▶

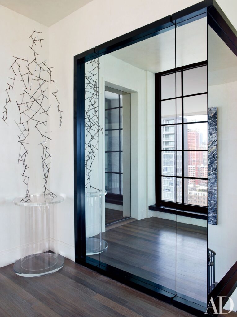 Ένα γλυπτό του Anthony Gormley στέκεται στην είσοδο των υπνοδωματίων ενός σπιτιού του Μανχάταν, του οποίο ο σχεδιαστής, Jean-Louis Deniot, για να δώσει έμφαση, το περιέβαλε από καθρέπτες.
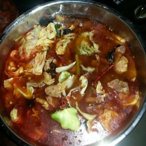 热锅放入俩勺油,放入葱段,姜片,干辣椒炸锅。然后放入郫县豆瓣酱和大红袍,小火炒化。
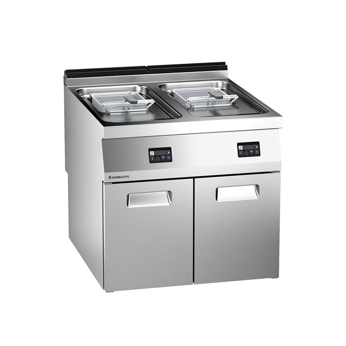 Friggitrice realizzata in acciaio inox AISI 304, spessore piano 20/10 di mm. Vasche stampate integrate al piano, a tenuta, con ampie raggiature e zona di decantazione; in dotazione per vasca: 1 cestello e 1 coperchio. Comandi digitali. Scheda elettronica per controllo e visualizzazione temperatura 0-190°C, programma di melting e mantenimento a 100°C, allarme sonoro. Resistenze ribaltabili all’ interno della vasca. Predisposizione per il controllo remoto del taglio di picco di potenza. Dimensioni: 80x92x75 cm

◀
▶

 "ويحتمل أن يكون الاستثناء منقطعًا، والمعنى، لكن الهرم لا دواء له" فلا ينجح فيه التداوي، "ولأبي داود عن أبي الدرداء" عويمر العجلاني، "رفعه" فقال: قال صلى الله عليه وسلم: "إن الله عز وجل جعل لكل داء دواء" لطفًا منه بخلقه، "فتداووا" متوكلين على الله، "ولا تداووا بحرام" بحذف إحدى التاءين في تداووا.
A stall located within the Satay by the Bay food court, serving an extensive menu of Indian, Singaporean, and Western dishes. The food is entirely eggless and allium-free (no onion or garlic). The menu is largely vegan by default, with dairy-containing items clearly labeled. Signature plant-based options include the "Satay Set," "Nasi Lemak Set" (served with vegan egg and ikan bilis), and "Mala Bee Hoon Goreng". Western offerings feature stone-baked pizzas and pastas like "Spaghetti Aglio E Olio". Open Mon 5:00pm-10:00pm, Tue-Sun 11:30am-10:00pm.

◀

What to work on » From the data above, return only the lines starting at the line that holds "Ένα γλυπτό του" and ending at the line that holds "Friggitrice realizzata in", word for word and without pictures.

Reply to the task »
 Ένα γλυπτό του Anthony Gormley στέκεται στην είσοδο των υπνοδωματίων ενός σπιτιού του Μανχάταν, του οποίο ο σχεδιαστής, Jean-Louis Deniot, για να δώσει έμφαση, το περιέβαλε από καθρέπτες.
 热锅放入俩勺油,放入葱段,姜片,干辣椒炸锅。然后放入郫县豆瓣酱和大红袍,小火炒化。
 Friggitrice realizzata in acciaio inox AISI 304, spessore piano 20/10 di mm. Vasche stampate integrate al piano, a tenuta, con ampie raggiature e zona di decantazione; in dotazione per vasca: 1 cestello e 1 coperchio. Comandi digitali. Scheda elettronica per controllo e visualizzazione temperatura 0-190°C, programma di melting e mantenimento a 100°C, allarme sonoro. Resistenze ribaltabili all’ interno della vasca. Predisposizione per il controllo remoto del taglio di picco di potenza. Dimensioni: 80x92x75 cm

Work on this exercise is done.